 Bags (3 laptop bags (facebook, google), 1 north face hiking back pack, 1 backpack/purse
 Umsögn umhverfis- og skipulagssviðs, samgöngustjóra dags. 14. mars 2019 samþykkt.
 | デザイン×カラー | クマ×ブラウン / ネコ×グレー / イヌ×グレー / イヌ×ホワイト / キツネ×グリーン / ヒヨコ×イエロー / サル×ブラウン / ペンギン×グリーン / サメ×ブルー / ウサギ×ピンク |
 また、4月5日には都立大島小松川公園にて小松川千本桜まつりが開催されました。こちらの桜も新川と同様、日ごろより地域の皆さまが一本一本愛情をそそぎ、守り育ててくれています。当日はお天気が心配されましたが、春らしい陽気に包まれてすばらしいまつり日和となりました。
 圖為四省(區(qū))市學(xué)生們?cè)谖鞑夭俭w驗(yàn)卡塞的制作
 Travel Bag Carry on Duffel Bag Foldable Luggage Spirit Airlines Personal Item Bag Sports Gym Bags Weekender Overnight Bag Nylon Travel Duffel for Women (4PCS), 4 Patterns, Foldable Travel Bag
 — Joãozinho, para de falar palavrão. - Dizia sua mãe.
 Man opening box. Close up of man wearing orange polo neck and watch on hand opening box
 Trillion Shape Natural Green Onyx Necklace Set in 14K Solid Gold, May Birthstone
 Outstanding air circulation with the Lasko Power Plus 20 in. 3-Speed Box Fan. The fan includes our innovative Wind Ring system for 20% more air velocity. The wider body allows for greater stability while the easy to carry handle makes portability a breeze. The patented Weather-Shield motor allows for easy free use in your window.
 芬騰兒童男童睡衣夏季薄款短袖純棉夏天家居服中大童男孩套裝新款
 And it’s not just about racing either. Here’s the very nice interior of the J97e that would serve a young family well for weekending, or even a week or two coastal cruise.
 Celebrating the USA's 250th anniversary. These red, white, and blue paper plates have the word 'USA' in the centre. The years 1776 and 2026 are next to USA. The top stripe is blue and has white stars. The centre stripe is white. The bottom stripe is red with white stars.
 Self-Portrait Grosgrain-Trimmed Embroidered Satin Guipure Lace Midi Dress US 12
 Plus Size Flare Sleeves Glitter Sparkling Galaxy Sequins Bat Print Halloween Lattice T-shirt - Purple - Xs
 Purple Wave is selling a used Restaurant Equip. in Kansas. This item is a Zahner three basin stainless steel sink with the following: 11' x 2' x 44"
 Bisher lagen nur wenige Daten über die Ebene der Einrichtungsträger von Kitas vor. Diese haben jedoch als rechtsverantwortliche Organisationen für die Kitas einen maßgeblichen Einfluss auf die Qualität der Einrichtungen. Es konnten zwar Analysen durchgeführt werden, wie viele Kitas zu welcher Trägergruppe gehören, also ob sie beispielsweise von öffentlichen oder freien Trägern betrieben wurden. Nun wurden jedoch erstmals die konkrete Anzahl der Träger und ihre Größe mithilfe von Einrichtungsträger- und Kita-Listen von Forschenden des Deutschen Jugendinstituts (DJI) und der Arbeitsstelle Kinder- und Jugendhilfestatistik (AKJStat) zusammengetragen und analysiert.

________________________________________

— To do —
All of the material above is to be repeated exactly.

— Problem solution —
 Bags (3 laptop bags (facebook, google), 1 north face hiking back pack, 1 backpack/purse
 Umsögn umhverfis- og skipulagssviðs, samgöngustjóra dags. 14. mars 2019 samþykkt.
 | デザイン×カラー | クマ×ブラウン / ネコ×グレー / イヌ×グレー / イヌ×ホワイト / キツネ×グリーン / ヒヨコ×イエロー / サル×ブラウン / ペンギン×グリーン / サメ×ブルー / ウサギ×ピンク |
 また、4月5日には都立大島小松川公園にて小松川千本桜まつりが開催されました。こちらの桜も新川と同様、日ごろより地域の皆さまが一本一本愛情をそそぎ、守り育ててくれています。当日はお天気が心配されましたが、春らしい陽気に包まれてすばらしいまつり日和となりました。
 圖為四省(區(qū))市學(xué)生們?cè)谖鞑夭俭w驗(yàn)卡塞的制作
 Travel Bag Carry on Duffel Bag Foldable Luggage Spirit Airlines Personal Item Bag Sports Gym Bags Weekender Overnight Bag Nylon Travel Duffel for Women (4PCS), 4 Patterns, Foldable Travel Bag
 — Joãozinho, para de falar palavrão. - Dizia sua mãe.
 Man opening box. Close up of man wearing orange polo neck and watch on hand opening box
 Trillion Shape Natural Green Onyx Necklace Set in 14K Solid Gold, May Birthstone
 Outstanding air circulation with the Lasko Power Plus 20 in. 3-Speed Box Fan. The fan includes our innovative Wind Ring system for 20% more air velocity. The wider body allows for greater stability while the easy to carry handle makes portability a breeze. The patented Weather-Shield motor allows for easy free use in your window.
 芬騰兒童男童睡衣夏季薄款短袖純棉夏天家居服中大童男孩套裝新款
 And it’s not just about racing either. Here’s the very nice interior of the J97e that would serve a young family well for weekending, or even a week or two coastal cruise.
 Celebrating the USA's 250th anniversary. These red, white, and blue paper plates have the word 'USA' in the centre. The years 1776 and 2026 are next to USA. The top stripe is blue and has white stars. The centre stripe is white. The bottom stripe is red with white stars.
 Self-Portrait Grosgrain-Trimmed Embroidered Satin Guipure Lace Midi Dress US 12
 Plus Size Flare Sleeves Glitter Sparkling Galaxy Sequins Bat Print Halloween Lattice T-shirt - Purple - Xs
 Purple Wave is selling a used Restaurant Equip. in Kansas. This item is a Zahner three basin stainless steel sink with the following: 11' x 2' x 44"
 Bisher lagen nur wenige Daten über die Ebene der Einrichtungsträger von Kitas vor. Diese haben jedoch als rechtsverantwortliche Organisationen für die Kitas einen maßgeblichen Einfluss auf die Qualität der Einrichtungen. Es konnten zwar Analysen durchgeführt werden, wie viele Kitas zu welcher Trägergruppe gehören, also ob sie beispielsweise von öffentlichen oder freien Trägern betrieben wurden. Nun wurden jedoch erstmals die konkrete Anzahl der Träger und ihre Größe mithilfe von Einrichtungsträger- und Kita-Listen von Forschenden des Deutschen Jugendinstituts (DJI) und der Arbeitsstelle Kinder- und Jugendhilfestatistik (AKJStat) zusammengetragen und analysiert.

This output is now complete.